Despite national headlines touting the Obama administration's victory over the military lobby, the new $680 billion military spending bill for fiscal 2010 was a $26 billion increase from last year. In stark contrast to the ever-increasing military budget, the analysis of the non-partisan Congressional Budget Office found that health care legislation proposed by House Democrats last week actually would reduce the federal budget deficit by $104 billion over 10 years.
It is stunning that our national priorities are so skewed by special interests that our government is willing to invest hundreds of billions of dollars in war without blinking an eye, yet many of those in power continually block cost-effective measures that would provide health care to Americans.
Zoran Tasic — St. Louis
Medicare for all
The free-market economy has brought jobs and prosperity to America and will again.

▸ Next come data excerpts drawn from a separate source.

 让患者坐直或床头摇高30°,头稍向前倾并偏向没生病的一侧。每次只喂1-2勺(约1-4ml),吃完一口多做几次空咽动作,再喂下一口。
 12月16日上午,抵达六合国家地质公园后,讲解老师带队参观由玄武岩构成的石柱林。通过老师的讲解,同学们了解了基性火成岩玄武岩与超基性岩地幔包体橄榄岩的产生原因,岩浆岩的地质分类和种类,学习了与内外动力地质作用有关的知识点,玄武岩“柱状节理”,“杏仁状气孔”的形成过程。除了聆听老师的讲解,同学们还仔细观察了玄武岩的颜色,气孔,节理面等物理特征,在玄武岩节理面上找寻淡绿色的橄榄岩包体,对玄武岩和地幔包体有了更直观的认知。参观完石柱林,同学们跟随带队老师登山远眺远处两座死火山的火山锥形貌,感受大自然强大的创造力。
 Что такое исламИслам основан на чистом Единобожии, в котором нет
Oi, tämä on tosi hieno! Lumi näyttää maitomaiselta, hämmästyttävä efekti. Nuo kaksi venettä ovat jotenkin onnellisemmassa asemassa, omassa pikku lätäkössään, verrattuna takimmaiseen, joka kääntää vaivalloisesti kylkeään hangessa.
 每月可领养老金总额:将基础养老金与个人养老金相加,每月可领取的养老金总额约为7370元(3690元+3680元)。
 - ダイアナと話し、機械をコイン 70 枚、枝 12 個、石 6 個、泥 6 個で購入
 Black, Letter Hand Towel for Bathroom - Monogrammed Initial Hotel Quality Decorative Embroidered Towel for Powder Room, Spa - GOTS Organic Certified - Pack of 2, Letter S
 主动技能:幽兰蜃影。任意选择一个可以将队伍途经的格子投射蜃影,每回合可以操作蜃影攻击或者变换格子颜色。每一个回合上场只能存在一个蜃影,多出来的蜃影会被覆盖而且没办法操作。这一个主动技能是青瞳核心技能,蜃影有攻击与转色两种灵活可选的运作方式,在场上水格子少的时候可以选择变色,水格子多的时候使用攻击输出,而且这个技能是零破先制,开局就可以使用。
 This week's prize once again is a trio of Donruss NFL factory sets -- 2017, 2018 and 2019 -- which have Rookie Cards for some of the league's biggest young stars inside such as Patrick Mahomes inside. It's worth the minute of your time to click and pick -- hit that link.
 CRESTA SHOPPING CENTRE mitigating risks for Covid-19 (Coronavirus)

A smaller, efficient government that adequately regulates business to prevent excessiveness will put us on track to a healthy economy.
But in health care, the free-market model works terribly. The proof is that private, for-profit insurers won't insure all Americans. Insuring sickness is expensive and decreases profits and income of insurers, the opposite of the for-profit business model. The only model that can work for health care is non-profit.
Medicare is a prime example of a successful model. It is efficient, popular and high-quality and it is one government program that has worked well, unlike many others.
But it's expensive because it insures the sickest people — seniors over 65. It needs a larger pool of healthier people to spread the risk. This can be accomplished by expanding Medicare to the 270 million Americans under 65. This would lower costs — premiums to a level much lower than the premiums we pay to private insurers.
Conservative economists have proven these costs to be attainable. One such proposal, HR 676, improved Medicare for All, would include dental, drugs and long-term care, would have deductibles and would not increase taxes on the middle class. There would be no insurers between patient and doctor. Government would finance but not provide health care.
Let the for-profit, free-market model work for industry and bring America prosperity and jobs, but let health care work where it works best: with a non-profit model, Medicare for All.
Robert Recht — Creve Coeur
A lesson from Madoff
The health care reform bill authors have taken a good lesson from Bernie Madoff. Everything in sight — from pacemakers to artificial knees to medical supplies — will be taxed, starting immediately. However, the benefits will start in three years and will be in effect for only the last seven of the bill's 10 years.
So, for the first decade the system will be revenue neutral (they claim). But for the second decade, it will run at a 30 percent deficit.
What a scheme. The people who brought us this "wonderful program" will be long gone, and the taxpayers will be left holding the bag. Our leaders have learned very well from Madoff. This is voodoo accounting.
This kind of reform we cannot afford.